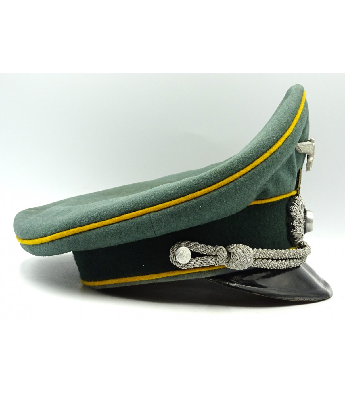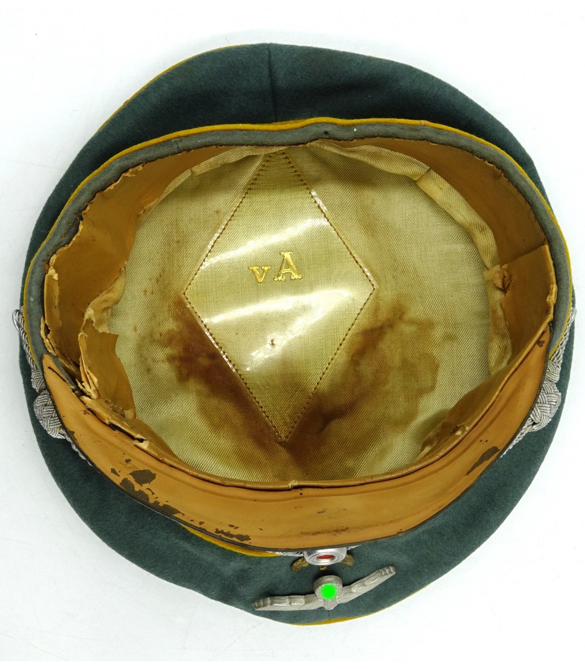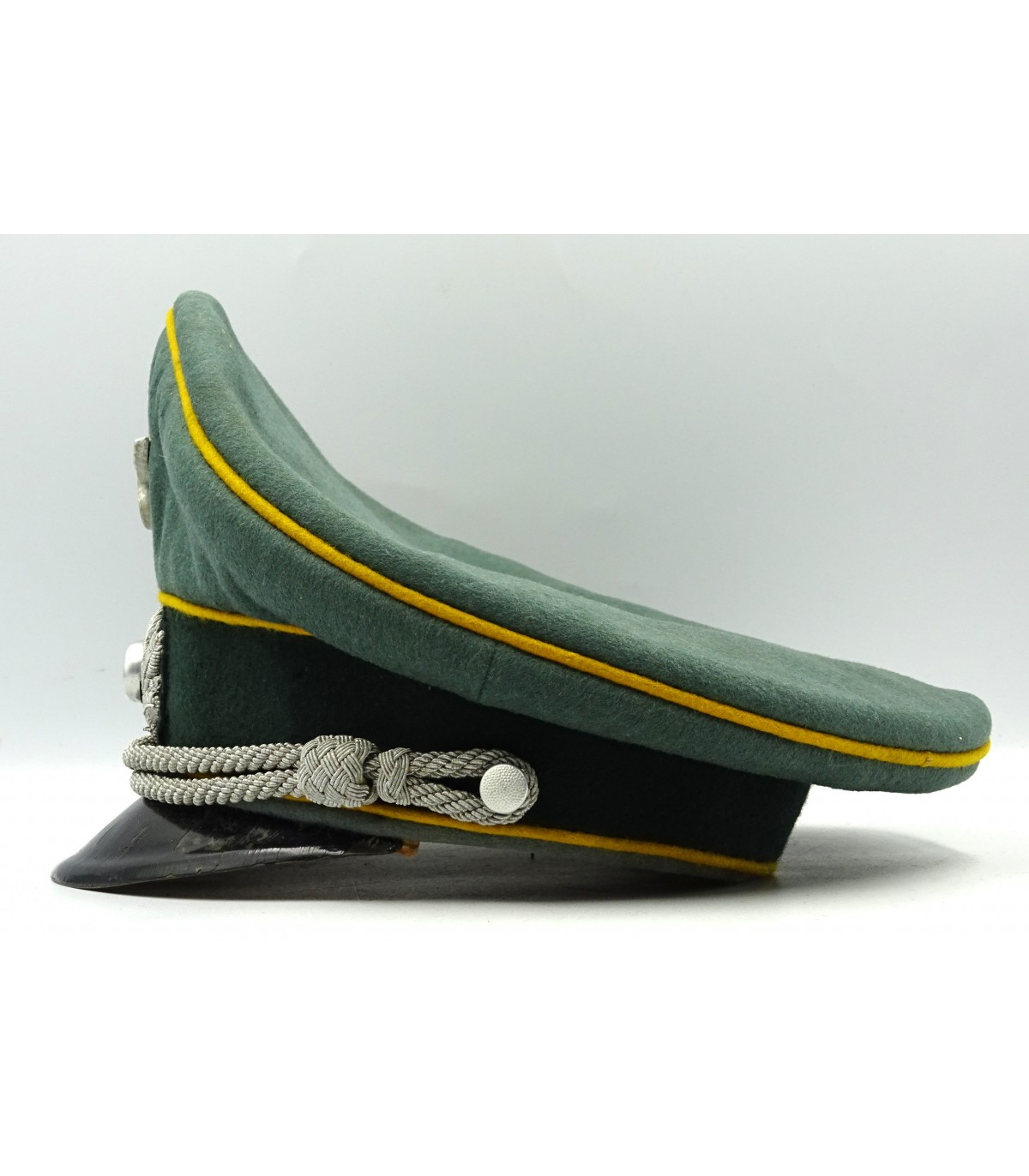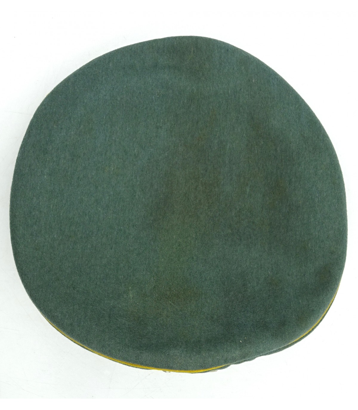Questa unità portava tradizionalmente l'aquila dei dragoni della Schewdt (rilevata nel 1944 dalla 3a brigata di cavalleria WH). Foglie di quercia ricamate a mano, aquila e tondo in alluminio, aquila di Schwedt in ottone. Copricapo in pelle di cervo feldgrau. Fascia antisudore in finta pelle. Bella forma alta. BUONO STATO.
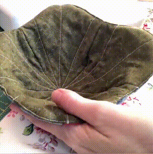 Just two squares of batting and two squares of fabric make one cozy. Simply fold the fabric in quarters and rotary cut around the template. It doesn't get any easier than that!
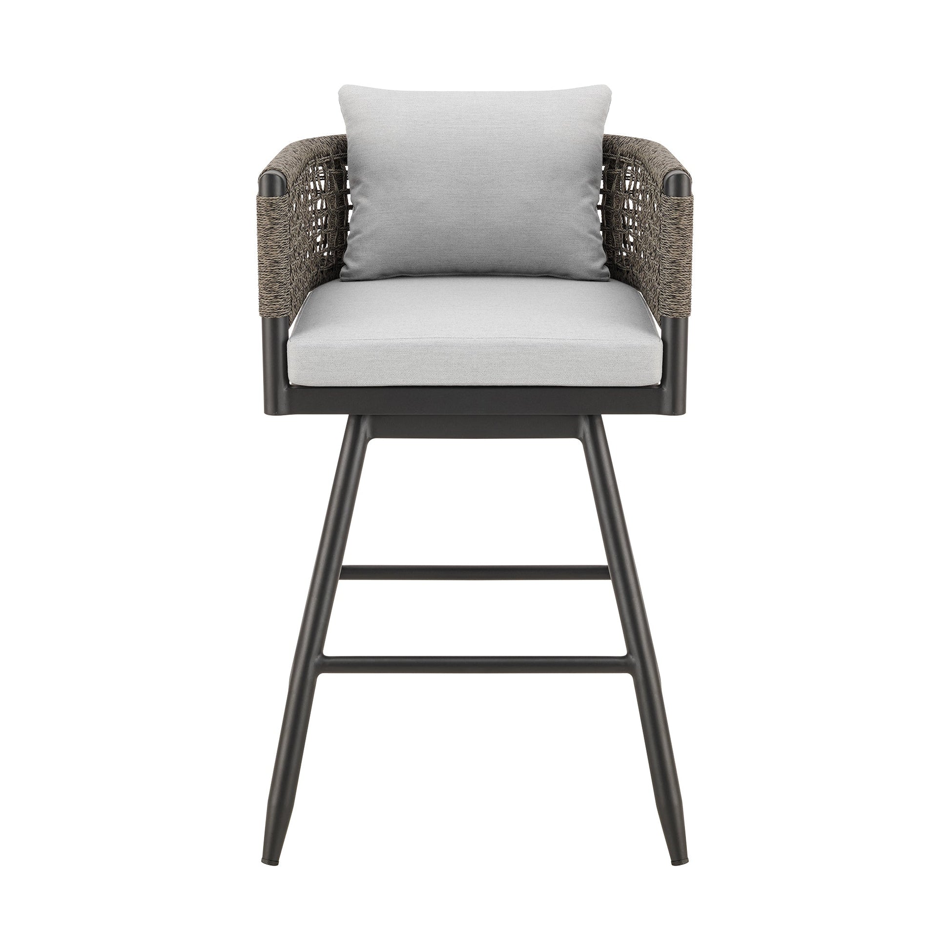 Alegria Outdoor Patio Swivel Stool in Aluminum with Gray Rope and Cushions
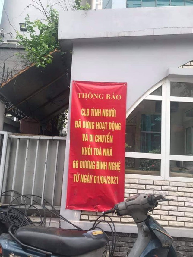 VHO- Sau khi báo chí lên tiếng và các cơ quan chức năng vào cuộc, CLB Tình người đã đưa ra thông báo ngưng hoạt động (ảnh), rời trụ sở chính và đóng hotline. Hiện CLB Tình người đã di chuyển khỏi trụ sở chính có địa chỉ tại tầng 3 Tòa nhà 68 Dương Đình Nghệ, Yên Hòa, Cầu Giấy, Hà Nội. Trước lối ra vào của tòa nhà có để thông báo: “CLB Tình người đã ngừng hoạt động và di chuyển khỏi tòa nhà 68 Dương Đình Nghệ từ ngày 1.4.2021”.
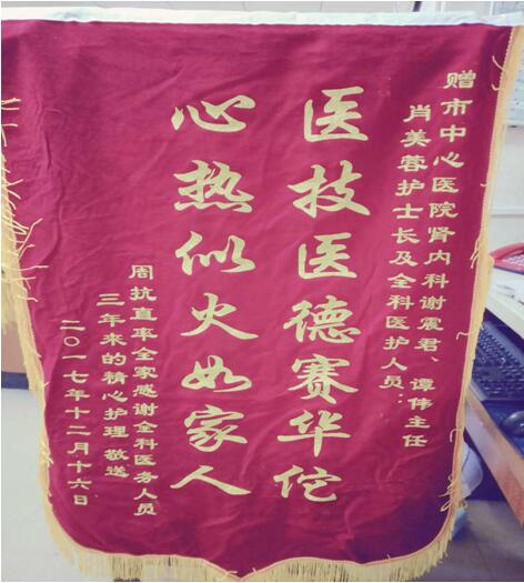 病房里特別的生日會(huì) 發(fā)布時(shí)間:2017年12月20日 預(yù)覽:11044次 通訊員肖美蓉報(bào)道:12月16日這天,腎內(nèi)科50床的病房異常熱鬧,一入深看,是在開(kāi)一場(chǎng)別開(kāi)生面的派對(duì)會(huì)呢。原來(lái)這天是50床周抗直爺爺85歲生日,這也是周爺爺在腎內(nèi)科病房度過(guò)的第三個(gè)生日。 經(jīng)過(guò)這么多年的相處,病房的醫(yī)護(hù)人員和周爺爺也像親人一樣了。當(dāng)?shù)弥軤敔斶^(guò)生日的消息,護(hù)士長(zhǎng)決定要讓老爺子過(guò)一個(gè)熱鬧的生日,當(dāng)即訂了蛋糕,醫(yī)護(hù)人員一起來(lái)到周爺爺?shù)拇睬?,送上祝福,陪老爺子吹蠟燭許愿。當(dāng)我們半開(kāi)玩笑的問(wèn)爺爺是不是許了個(gè)長(zhǎng)命百歲的愿望時(shí),老爺子哽咽的說(shuō)道:“我能過(guò)今天的生日,是你們醫(yī)務(wù)人員一次又一次把我從死亡線上拉下來(lái)的,我活的夠本了,我許愿是希望你們醫(yī)務(wù)人員長(zhǎng)命百歲,有你們這樣的好人多去救治更多的病人。”聽(tīng)到他這么說(shuō)大家都很感動(dòng),謝主任當(dāng)即說(shuō)道:“我們每個(gè)醫(yī)務(wù)人員對(duì)待病人都要像對(duì)待自己的親人一樣,讓病人來(lái)住院就像是回家一樣,要有高尚的醫(yī)德,真正急病人所急,想病人所想,只有這樣病人才會(huì)安心的把治療交付于你。” 隨后周爺爺家屬為我們送來(lái)了錦旗,他兒子指著錦旗上的字說(shuō)道:“‘醫(yī)技醫(yī)德賽華佗 心熱似火如家人’是我們?nèi)胰藢?duì)你們的心聲,感謝腎內(nèi)科所有醫(yī)務(wù)人員三年來(lái)的精心護(hù)理。腎內(nèi)科醫(yī)務(wù)人員對(duì)待病人的態(tài)度也真正做到了‘視醫(yī)德為生命 待病人如親人’”。
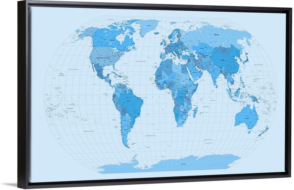 <p>Map of the world with country names, city names, major cities, island names, sea names and graticules showing the curve of the earth. Countries are depicted in blue shades.</p>
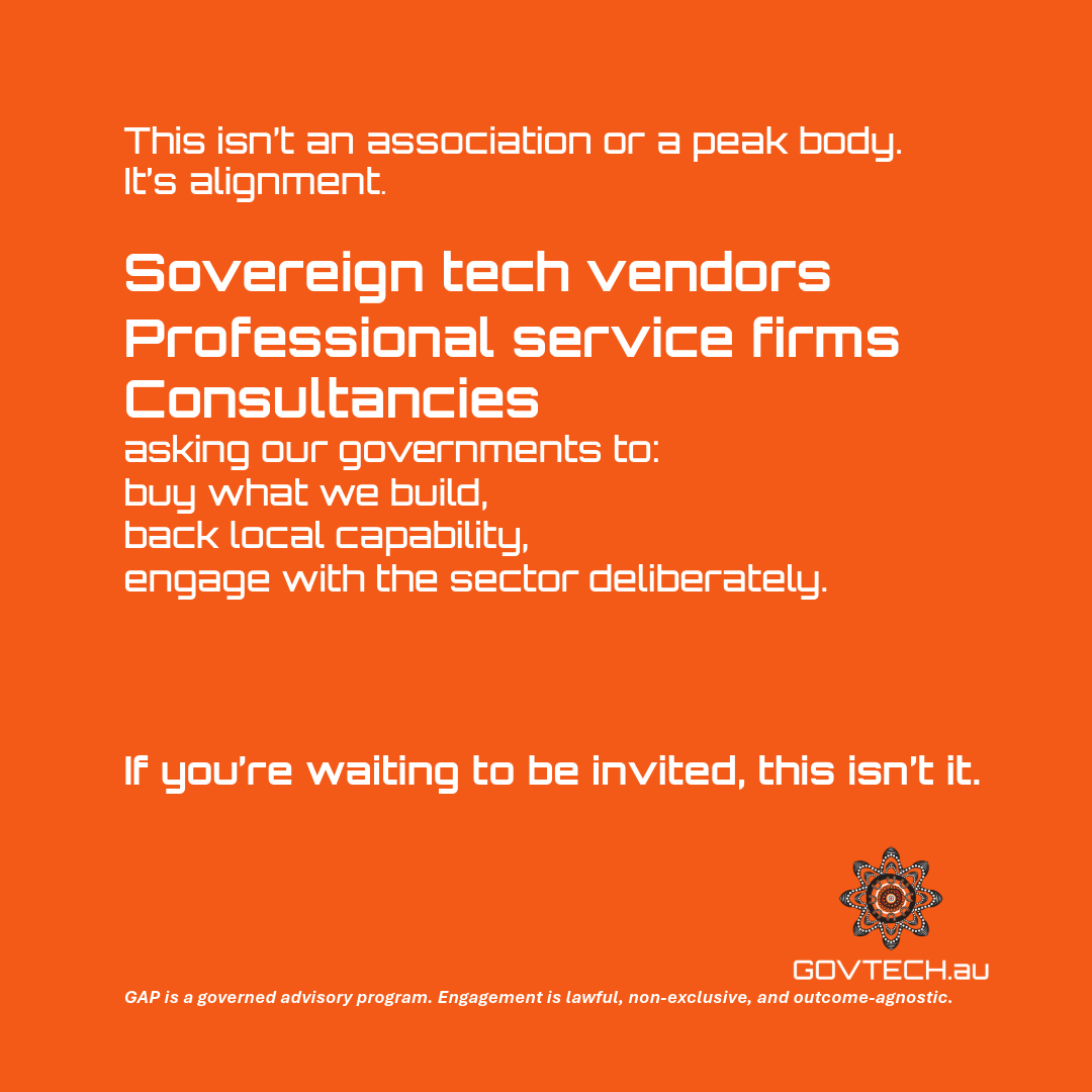 The GovTech Australia Group Advisory Program ALL HANDS. ONE VOICE. unites Australia’s sovereign tech sector into one coordinated lobbying force.
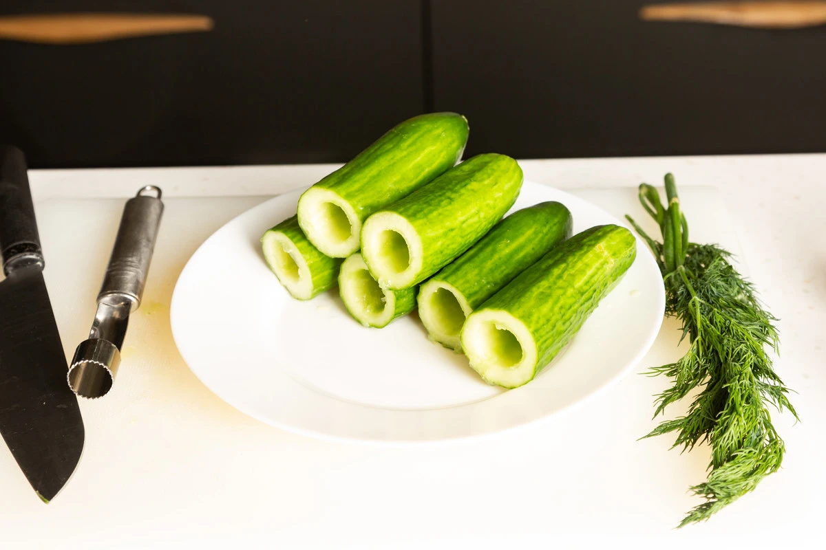 Огурцы разрежьте поперёк на две части и выньте мякоть.
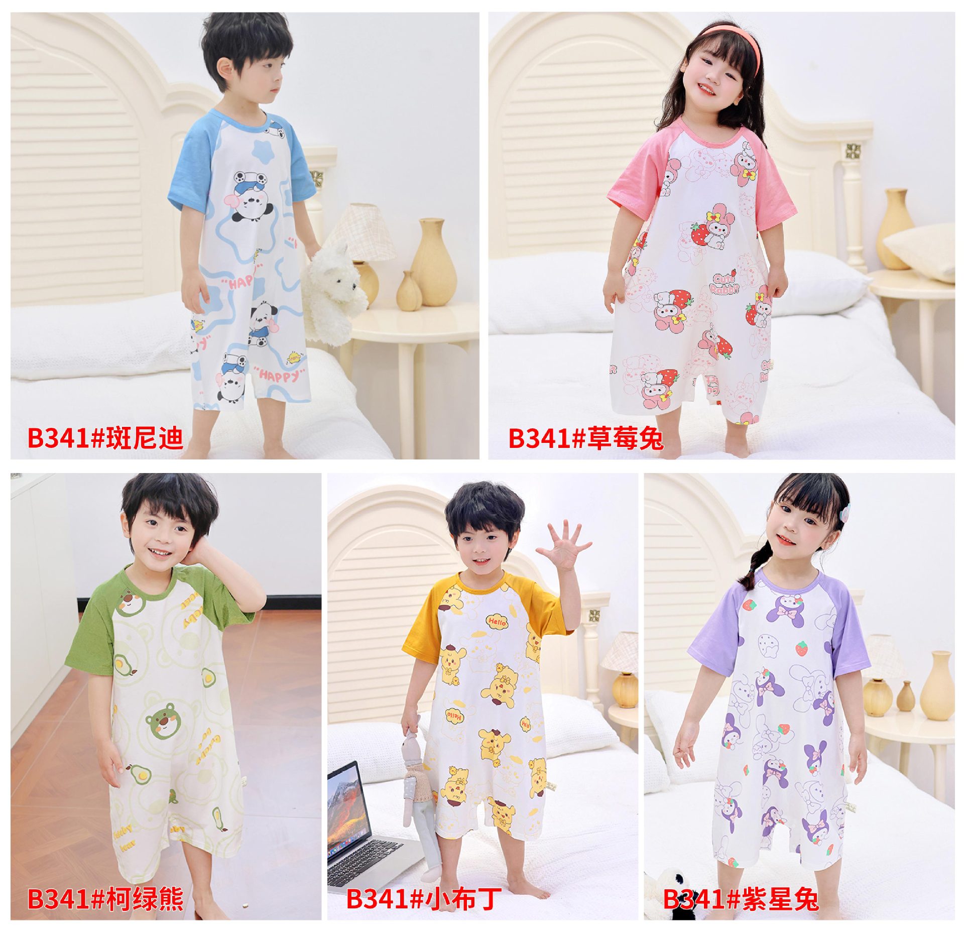 아기의 반팔 잠옷 여름 얇은 중간 크기의 어린이 순면 안티 킥 벨리 보호 홈 옷 머리카락을위한 만화 슬리핑 백스토어 가기
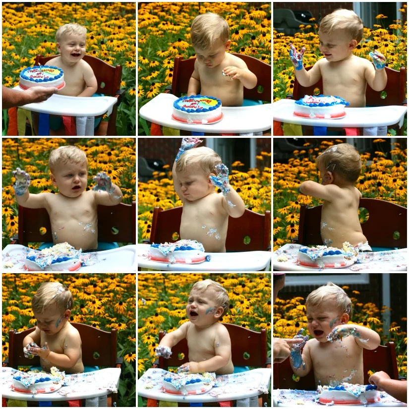 Sweet boy. It was just such a big day for him, with all the people around him fussing and making a big deal. He really didn't know what to make of it. And he didn't even try to eat the cake. Which is a shame, because Publix really does make a mean b…
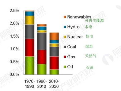 具体来说,2010-2030年,世界一次能源消费预计年均增长1.6%,全球能源消费总量到2030年将增加39%。全球能源消费的增速下降,从过去十年的年均2.5%下降到未来十年的年均2.0%,2020年至2030年间会进一步下降到年均1.3%。
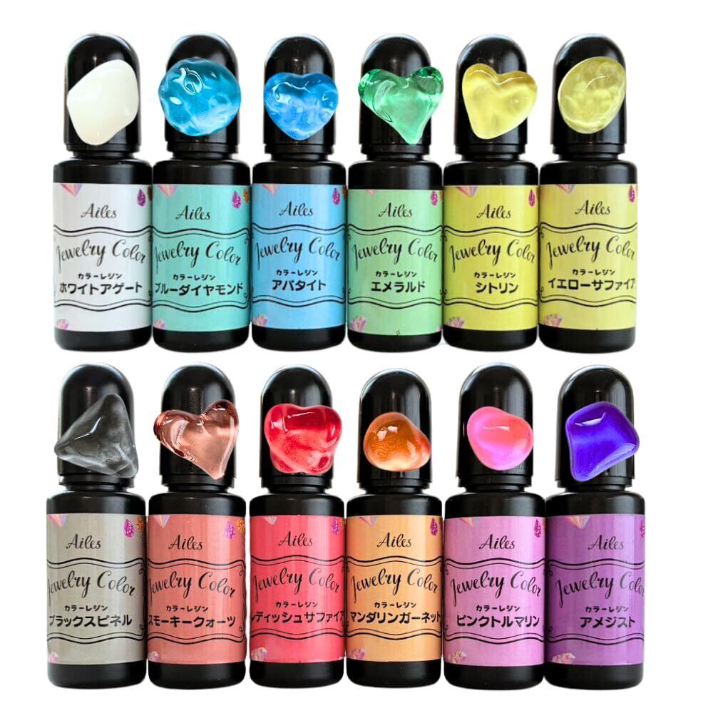 まるで宝石みたいな透明感と美しい発色! 調色で悩まない、Ailesエールオリジナルのジュエリーレジンが登場 おうちで手軽にアクセサリーや小物が作れるカラーレジンです。

------------------------------

**THE PROBLEM**
From the first line to the last, repeat the data above exactly and leave the pictures out.

**RESULT**
Questa unità portava tradizionalmente l'aquila dei dragoni della Schewdt (rilevata nel 1944 dalla 3a brigata di cavalleria WH). Foglie di quercia ricamate a mano, aquila e tondo in alluminio, aquila di Schwedt in ottone. Copricapo in pelle di cervo feldgrau. Fascia antisudore in finta pelle. Bella forma alta. BUONO STATO.
 Just two squares of batting and two squares of fabric make one cozy. Simply fold the fabric in quarters and rotary cut around the template. It doesn't get any easier than that!
 Alegria Outdoor Patio Swivel Stool in Aluminum with Gray Rope and Cushions
 VHO- Sau khi báo chí lên tiếng và các cơ quan chức năng vào cuộc, CLB Tình người đã đưa ra thông báo ngưng hoạt động (ảnh), rời trụ sở chính và đóng hotline. Hiện CLB Tình người đã di chuyển khỏi trụ sở chính có địa chỉ tại tầng 3 Tòa nhà 68 Dương Đình Nghệ, Yên Hòa, Cầu Giấy, Hà Nội. Trước lối ra vào của tòa nhà có để thông báo: “CLB Tình người đã ngừng hoạt động và di chuyển khỏi tòa nhà 68 Dương Đình Nghệ từ ngày 1.4.2021”.
 病房里特別的生日會(huì) 發(fā)布時(shí)間:2017年12月20日 預(yù)覽:11044次 通訊員肖美蓉報(bào)道:12月16日這天,腎內(nèi)科50床的病房異常熱鬧,一入深看,是在開(kāi)一場(chǎng)別開(kāi)生面的派對(duì)會(huì)呢。原來(lái)這天是50床周抗直爺爺85歲生日,這也是周爺爺在腎內(nèi)科病房度過(guò)的第三個(gè)生日。 經(jīng)過(guò)這么多年的相處,病房的醫(yī)護(hù)人員和周爺爺也像親人一樣了。當(dāng)?shù)弥軤敔斶^(guò)生日的消息,護(hù)士長(zhǎng)決定要讓老爺子過(guò)一個(gè)熱鬧的生日,當(dāng)即訂了蛋糕,醫(yī)護(hù)人員一起來(lái)到周爺爺?shù)拇睬?,送上祝福,陪老爺子吹蠟燭許愿。當(dāng)我們半開(kāi)玩笑的問(wèn)爺爺是不是許了個(gè)長(zhǎng)命百歲的愿望時(shí),老爺子哽咽的說(shuō)道:“我能過(guò)今天的生日,是你們醫(yī)務(wù)人員一次又一次把我從死亡線上拉下來(lái)的,我活的夠本了,我許愿是希望你們醫(yī)務(wù)人員長(zhǎng)命百歲,有你們這樣的好人多去救治更多的病人。”聽(tīng)到他這么說(shuō)大家都很感動(dòng),謝主任當(dāng)即說(shuō)道:“我們每個(gè)醫(yī)務(wù)人員對(duì)待病人都要像對(duì)待自己的親人一樣,讓病人來(lái)住院就像是回家一樣,要有高尚的醫(yī)德,真正急病人所急,想病人所想,只有這樣病人才會(huì)安心的把治療交付于你。” 隨后周爺爺家屬為我們送來(lái)了錦旗,他兒子指著錦旗上的字說(shuō)道:“‘醫(yī)技醫(yī)德賽華佗 心熱似火如家人’是我們?nèi)胰藢?duì)你們的心聲,感謝腎內(nèi)科所有醫(yī)務(wù)人員三年來(lái)的精心護(hù)理。腎內(nèi)科醫(yī)務(wù)人員對(duì)待病人的態(tài)度也真正做到了‘視醫(yī)德為生命 待病人如親人’”。
 <p>Map of the world with country names, city names, major cities, island names, sea names and graticules showing the curve of the earth. Countries are depicted in blue shades.</p>
 The GovTech Australia Group Advisory Program ALL HANDS. ONE VOICE. unites Australia’s sovereign tech sector into one coordinated lobbying force.
 Огурцы разрежьте поперёк на две части и выньте мякоть.
 아기의 반팔 잠옷 여름 얇은 중간 크기의 어린이 순면 안티 킥 벨리 보호 홈 옷 머리카락을위한 만화 슬리핑 백스토어 가기
 Sweet boy. It was just such a big day for him, with all the people around him fussing and making a big deal. He really didn't know what to make of it. And he didn't even try to eat the cake. Which is a shame, because Publix really does make a mean b…
 具体来说,2010-2030年,世界一次能源消费预计年均增长1.6%,全球能源消费总量到2030年将增加39%。全球能源消费的增速下降,从过去十年的年均2.5%下降到未来十年的年均2.0%,2020年至2030年间会进一步下降到年均1.3%。
 まるで宝石みたいな透明感と美しい発色! 調色で悩まない、Ailesエールオリジナルのジュエリーレジンが登場 おうちで手軽にアクセサリーや小物が作れるカラーレジンです。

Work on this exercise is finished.